We know the tentative performance now, lets build the model on entire training to make prediction on test/production

In [None]:
x_train=ld_train.drop('Interest.Rate',axis=1)
y_train=ld_train['Interest.Rate']

In [None]:
lm.fit(x_train,y_train)

In [None]:
test_pred=lm.predict(ld_test)

We can write these to a csv file for submission like this :

In [None]:
pd.DataFrame(test_pred).to_csv("mysubmission.csv",index=False)

### Ridge  Regression

In [None]:
from sklearn.linear_model import Ridge,Lasso
from sklearn.model_selection import GridSearchCV

In [None]:
lambdas=np.linspace(1,100,100)

In [None]:
params={'alpha':lambdas}

In [None]:
model=Ridge(fit_intercept=True)

In [None]:
grid_search=GridSearchCV(model,param_grid=params,cv=10,scoring='neg_mean_absolute_error')

In [None]:
grid_search.fit(x_train,y_train)

In [None]:
grid_search.best_estimator_

In [None]:
grid_search.cv_results_

 if you want you can now fit a ridge regression model with obtained value of alpha , although there is no need, grid search automatically fits the best estimator on the entire data, you can directly use this to make predictions on test_data. But if you want to look at coefficients , its much more convenient to fit the model with direct function

Using the report function given below you can see the cv performance of top few models as well, that will the tentative performance

In [None]:
def report(results, n_top=3):
    for i in range(1, n_top + 1):
        candidates = np.flatnonzero(results['rank_test_score'] == i)
        for candidate in candidates:
            print("Model with rank: {0}".format(i))
            print("Mean validation score: {0:.3f} (std: {1:.3f})".format(
                  results['mean_test_score'][candidate],
                  results['std_test_score'][candidate]))
            print("Parameters: {0}".format(results['params'][candidate]))
            print("")

In [None]:
report(grid_search.cv_results_,100)

In [None]:
test_pred=grid_search.predict(ld_test)

In [None]:
pd.DataFrame(test_pred).to_csv("mysubmission.csv",index=False)

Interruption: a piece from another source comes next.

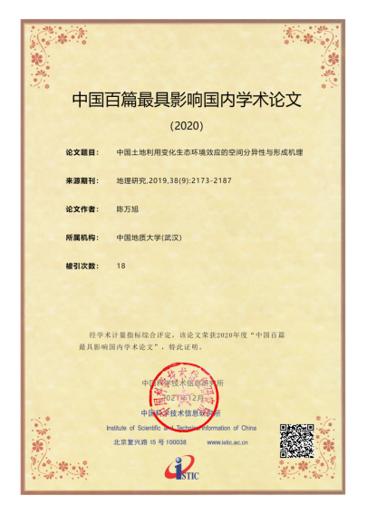 陈万旭副教授等撰写的论文《中国土地利用变化生态环境效应的空间分异性与形成机理》获得来自中国科学技术信息研究所颁发的《中国百篇最具影响国内学术论文(2020)》证书,这是国内期刊论文的最高荣誉。

#### For looking at coefficients

In [None]:
ridge_model=grid_search.best_estimator_

In [None]:
ridge_model.fit(x_train,y_train)

In [None]:
list(zip(x_train1.columns,ridge_model.coef_))

### Lasso Regression

In [None]:
lambdas=np.linspace(1,10,100)
model=Lasso(fit_intercept=True)
params={'alpha':lambdas}

In [None]:
grid_search=GridSearchCV(model,param_grid=params,cv=10,scoring='neg_mean_absolute_error')

In [None]:
grid_search.fit(x_train,y_train)

In [None]:
grid_search.best_estimator_

you can see that, the best value of alpha comes at the edge of the range that we tried , we should expand the trial range on that side and run this again

In [None]:
lambdas=np.linspace(.001,2,100)
params={'alpha':lambdas}

In [None]:
grid_search=GridSearchCV(model,param_grid=params,cv=10,scoring='neg_mean_absolute_error')
grid_search.fit(x_train,y_train)

In [None]:
grid_search.best_estimator_

In [None]:
report(grid_search.cv_results_,5)

In [None]:
lasso_model=grid_search.best_estimator_

In [None]:
lasso_model.fit(x_train,y_train)

In [None]:
list(zip(x_train.columns,lasso_model.coef_))